The identification of ELBW infants at high risk of death is of increasing importance, particularly because many of these infants are at high risk for neurodevelopmental impairment.10 The current study demonstrates that the ability to predict death is significantly better (both statistically and of a clinically relevant magnitude) at 5 minutes of age, rather than at or before birth with only prenatal data. However, the ability to predict death does not improve with increasing age among infants who avoid early death, because early variables do not have lingering effects. Also, the contribution of the different variables to subsequent death varies with the time period. Prediction with multiple logistic regression proved comparable to that with neural networks for most of the time periods.
There are important strengths to this study. The data sets evaluated in this study included many thousands of ELBW infants, making this the largest of any such prediction study to date. Infants from multiple level III centers in the United States were evaluated during a recent period in which mortality rates did not change significantly, making the results comparable to current clinical practice. In addition, the statistical models were developed with one data set and tested with another data set, which ensured that the model was truly tested. Developing and testing a model with the same set may lead to excellent performance with a high AUC for an overtrained model that may not be able to predict outcomes in a different data set.
There are also some limitations to this study. Only variables that already existed in the database could be used for analysis. Other variables that may be associated with death (eg, chorioamnionitis, timing of prenatal steroid therapy, fetal biophysical profile, and resuscitation variables such as parental or physician wishes regarding resuscitation) could not be evaluated because they were not part of the data collected. It must also be noted that the models for the different scenarios used different data sets, because infants who died before the scenario could not be considered for the prediction of subsequent death. Scenario A was approximately comparable to scenarios B and C (which were identical), and these scenarios included almost all live-born infants. However, scenario D included only infants who had survived to 24 hours of age, and scenario E included only infants who had survived to 1 week of age; therefore, scenarios D and E must be considered in isolation and not in comparison with scenario A, B, or C. Another limitation is that, in addition to prior death, a few infants were excluded because of missing data, which resulted in smaller data sets (mostly for scenarios D and E) than were accounted for by earlier death alone. It is known that ELBW infants are at highest risk of death in the first 3 days.7 Therefore, the overall likelihood of death was higher in scenarios A, B, and C and decreased with scenario D and additionally with scenario E. Because the PPV of a test also depends on the prevalence of the outcome in the population (PPVs are low for rare outcomes and higher for common outcomes, with the same sensitivity), the models are less likely to be accurate in the later scenarios, because mortality rates are lower after the immediate postnatal period. The PPVs of these models therefore diminish over time, because mortality rates are lower among older infants. Other limitations of this study are that statistical methods such as regression analysis or neural networks are not easy to use in the clinical setting. It would be possible to optimize the regression models by evaluating nonlinear relationships and interactions and incorporating them into the logistic regression models, but this would increase model complexity and might decrease clinical utility. Neural networks especially are considered a “black box,” the inner working of which is difficult to determine.
A limited number of prenatal variables (gestational age, race, and prenatal steroid use) performed as well as a larger collection of prenatal variables, which indicates that a parsimonious model is often preferable to a large model, although some of the additional included variables (tocolysis, antibiotic use, and singleton birth) were associated significantly with a lower probability of death in this scenario. At 5 minutes of age, the addition of birth weight, gender, and 5-minute Apgar score improved the model. As expected, there was a proportional increase in survival rates with increasing Apgar scores. The odds ratio for gestational age was less significant in scenario C, compared with scenario B, because part of its contribution to outcome was taken over by the inclusion of birth weight (with which gestational age is correlated strongly).
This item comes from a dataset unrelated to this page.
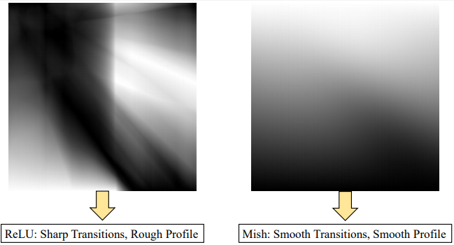 특히, Mish 함수는 ReLU 함수와 달리 모든 구간에서 연속이고 미분가능합니다. (continuosly differentiable) 이 특징은 기울기 기반으로 파라미터를 업데이트하는 최적화에서 기울기가 정의되지 않아 발생하는 불안정한 요소를 제거하여 neural networks 가 깊어지더라도 정보 손실을 최대한 방지하고 전 layer 로 전파하는 역할을 수행합니다. 이로서 깊은 neural networks 에 대해서도 안정적인 훈련과 높은 성능을 달성할 수 있습니다. Figure 4와 같이 랜덤하게 초기화된 5-layer neural networks 출력을 각 활성화 함수 별로 분석해봤을 때, ReLU 함수의 출력은 급격히 변하지만 Mish 함수의 출력은 굉장히 부드러운 분포를 가지고 있으며 이를 통해 최적화가 상대적으로 용이할 것임을 유추할 수 있습니다.

The odds ratio per 100-g increase in birth weight is ∼0.5 to 0.6, which is highly statistically significant and clinically relevant. It is possible that, if the birth weight and gender of the fetus were determined prenatally with good accuracy, those factors could also be used as predictors in the prenatal period and could be used in discussions of mortality risk with the parents before birth, when discussions about resuscitation are held. Some variables (such as tocolysis and prenatal antibiotic use) that were significant in scenario B were no longer significant after birth. For infants who survived to 24 hours of age, the effects of race were less significant, whereas the effect of prenatal steroid use was diminished by the seventh day. The maximal oxygen concentrations at 24 hours and at 7 days were strong predictors of death, probably because they were good indicators of the underlying severity of the respiratory illness. Clinicians do not normally use mathematical equations and ROC curves to predict outcomes for individual neonates, but knowledge of these predictors and how their contributions vary over time may assist clinical judgment and influence decision-making.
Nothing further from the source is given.